Like My Week With Marilyn (2012) and Me And Orson Welles (2008) Set Fire to the Stars is the story of a nobody briefly seen in the effulgent light of a somebody. The film hasn’t been well received critically and much of the negative commentary seems to pivot around its failure to give a satisfying portrait of Thomas. But that is to undervalue something which is actually more about the Welsh poet's amanuensis and factotum, Brinnen (it was based on the latter’s memoir) and more generally about the dynamics of the celebrity/fan, talented/talentless relationship than the famous hell-raiser.
Thomas was a kind of poetry rockstar, as well-known for trashing hotel rooms, cavorting with literary groupies and throwing up backstage as he was for his distinctive poetic style and sonorous enunciation. Like so many of the real deal he died wastefully at the age of 39 as the result of alcohol poisoning, the same fate in other words as Amy Winehouse, in whose demise you can wallow in the recently screened Amy.

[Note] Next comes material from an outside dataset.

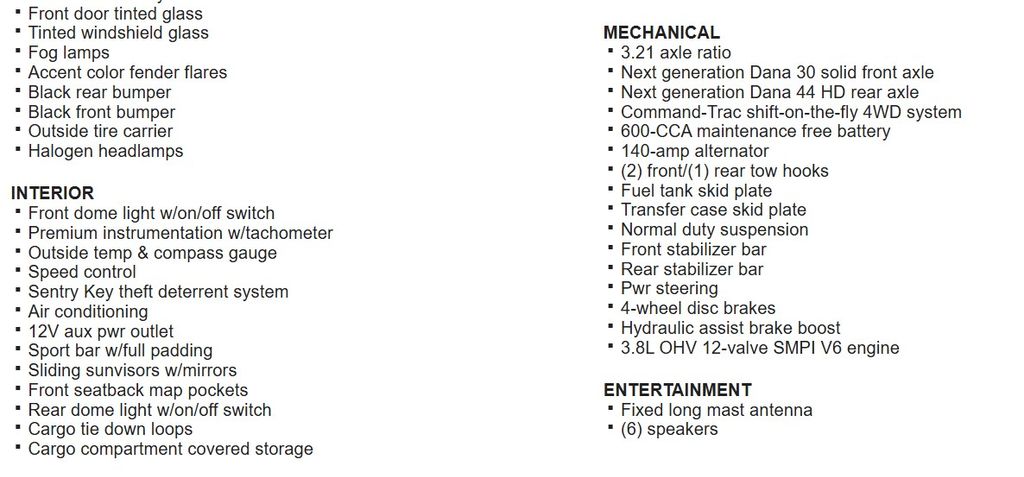 This Wrangler is powered by a reliable 3.8L V6 SMPI engine paired with a 4-speed automatic transmission, delivering a smooth and capable driving experience. With its 4WD system and impressive off-road capabilities, you'll be able to conquer any terrain with confidence.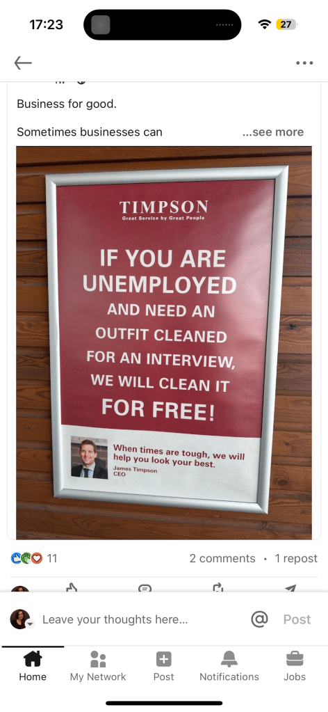 I saw a LinkedIn post earlier this week where Timpson were offering free dry cleaning to anybody unemployed who needed a suit cleaning for a job interview.

In the lead, British actor Celyn Jones, who also co-authored the script, gives, for me at least, an effective portrait of Thomas, who might be literally described as the paradigmatic booze artist – swinging between flights of inspiration and sodden self-indulgence - whilst Elijah Wood, who with his ghostly pallor, pointed face with slightly protruberant eyes and plastered down hair looks remarkably like Buster Keaton, gives an engaging performance as the stoic Brinnen who increasingly feels the dichotomy between his buttoned-down world of 1950s academia to which he belongs and Thomas’s romantically-attractive, provocatively disreputable behaviour. Shirley Henderson and Kevin Eldon also give strong performances as a couple who share a drunken evening with Thomas and Brinnen at the latter’s holiday house. The tension between admiration for Thomas’s gift and a shrinking from the price it exacts forms the core of what is a neat account of the social value of genius – at once idol and freakshow exhibit.
Whilst responses to the film will vary no-one will dispute the appeal of Chris Seager's gorgeously pellucid black-and-white cinematography. It is well abetted by Edward Thomas's elegant art direction and production design which give the film a kind of heightened realism well-suited to the memoir form. The superb quality of the visuals alone justify the time spent with this film.